◆ **WHAT YOU SHOULD DO**:
Using the listing below, set down exactly the lines from the one that contains "Paris, de l'Imprimerie" through the one that contains "佐(7画)佐(7画)木(4画) 陽(12画)万(13画)里(7画)", with no pictures.

◆ **EXTRACTED RECORDS**:

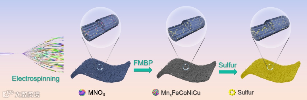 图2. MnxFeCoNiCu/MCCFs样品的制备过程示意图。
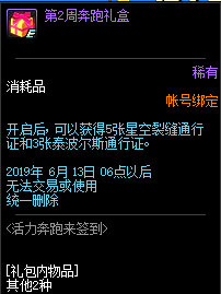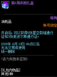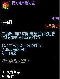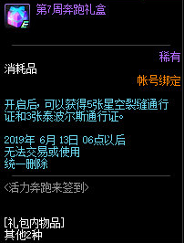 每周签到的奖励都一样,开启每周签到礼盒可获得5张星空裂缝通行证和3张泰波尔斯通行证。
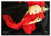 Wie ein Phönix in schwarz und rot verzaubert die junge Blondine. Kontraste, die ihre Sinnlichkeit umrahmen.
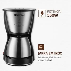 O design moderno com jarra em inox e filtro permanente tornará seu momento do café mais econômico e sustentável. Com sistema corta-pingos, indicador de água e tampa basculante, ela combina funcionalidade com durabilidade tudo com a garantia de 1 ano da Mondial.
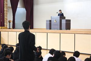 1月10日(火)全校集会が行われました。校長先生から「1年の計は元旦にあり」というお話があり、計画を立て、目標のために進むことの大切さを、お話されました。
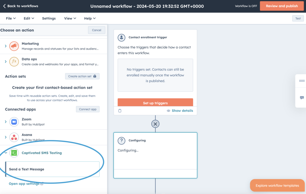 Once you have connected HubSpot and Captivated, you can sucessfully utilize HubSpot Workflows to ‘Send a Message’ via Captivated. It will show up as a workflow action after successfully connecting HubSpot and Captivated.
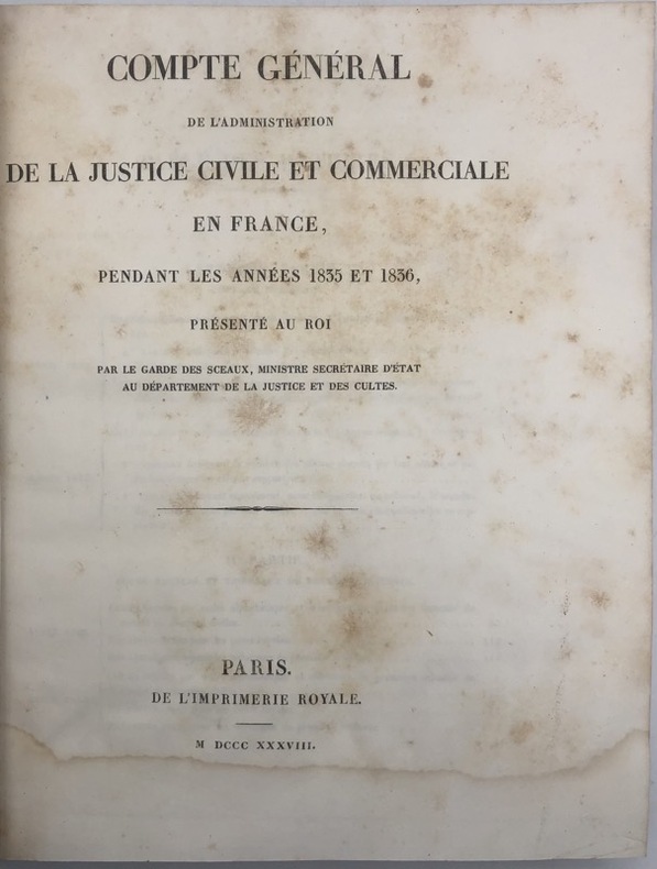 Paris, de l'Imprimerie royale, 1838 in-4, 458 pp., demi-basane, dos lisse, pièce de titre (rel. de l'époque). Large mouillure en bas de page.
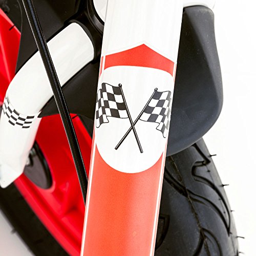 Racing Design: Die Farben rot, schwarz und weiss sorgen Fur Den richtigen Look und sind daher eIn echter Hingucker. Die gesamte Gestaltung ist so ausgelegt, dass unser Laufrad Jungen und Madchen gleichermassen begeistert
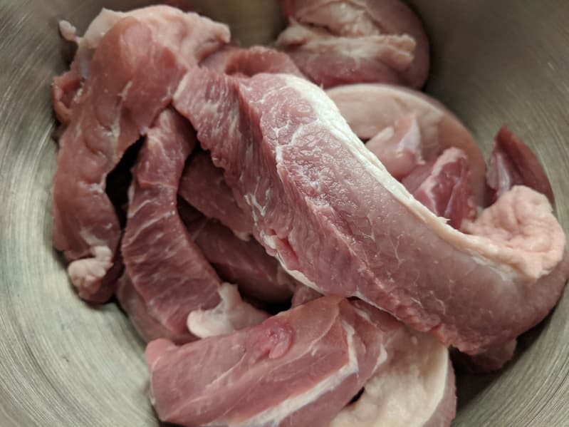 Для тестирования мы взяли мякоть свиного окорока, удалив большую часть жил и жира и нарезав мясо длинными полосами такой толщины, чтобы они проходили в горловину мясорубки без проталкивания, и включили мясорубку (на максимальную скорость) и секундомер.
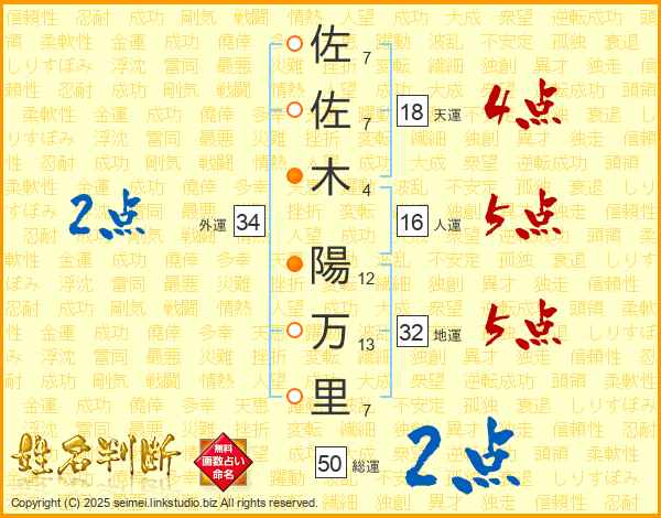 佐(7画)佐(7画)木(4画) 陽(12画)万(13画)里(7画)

==

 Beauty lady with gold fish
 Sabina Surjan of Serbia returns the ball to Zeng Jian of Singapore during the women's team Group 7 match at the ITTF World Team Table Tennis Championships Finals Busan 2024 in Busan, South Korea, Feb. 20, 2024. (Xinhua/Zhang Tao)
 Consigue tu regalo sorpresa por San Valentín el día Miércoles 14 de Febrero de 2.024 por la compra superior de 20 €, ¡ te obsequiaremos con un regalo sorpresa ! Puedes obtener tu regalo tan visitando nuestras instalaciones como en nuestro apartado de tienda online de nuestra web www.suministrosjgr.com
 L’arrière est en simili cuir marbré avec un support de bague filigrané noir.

◆ **ANSWER TO THE EXERCISE**:
 Paris, de l'Imprimerie royale, 1838 in-4, 458 pp., demi-basane, dos lisse, pièce de titre (rel. de l'époque). Large mouillure en bas de page.
 Racing Design: Die Farben rot, schwarz und weiss sorgen Fur Den richtigen Look und sind daher eIn echter Hingucker. Die gesamte Gestaltung ist so ausgelegt, dass unser Laufrad Jungen und Madchen gleichermassen begeistert
 Для тестирования мы взяли мякоть свиного окорока, удалив большую часть жил и жира и нарезав мясо длинными полосами такой толщины, чтобы они проходили в горловину мясорубки без проталкивания, и включили мясорубку (на максимальную скорость) и секундомер.
 佐(7画)佐(7画)木(4画) 陽(12画)万(13画)里(7画)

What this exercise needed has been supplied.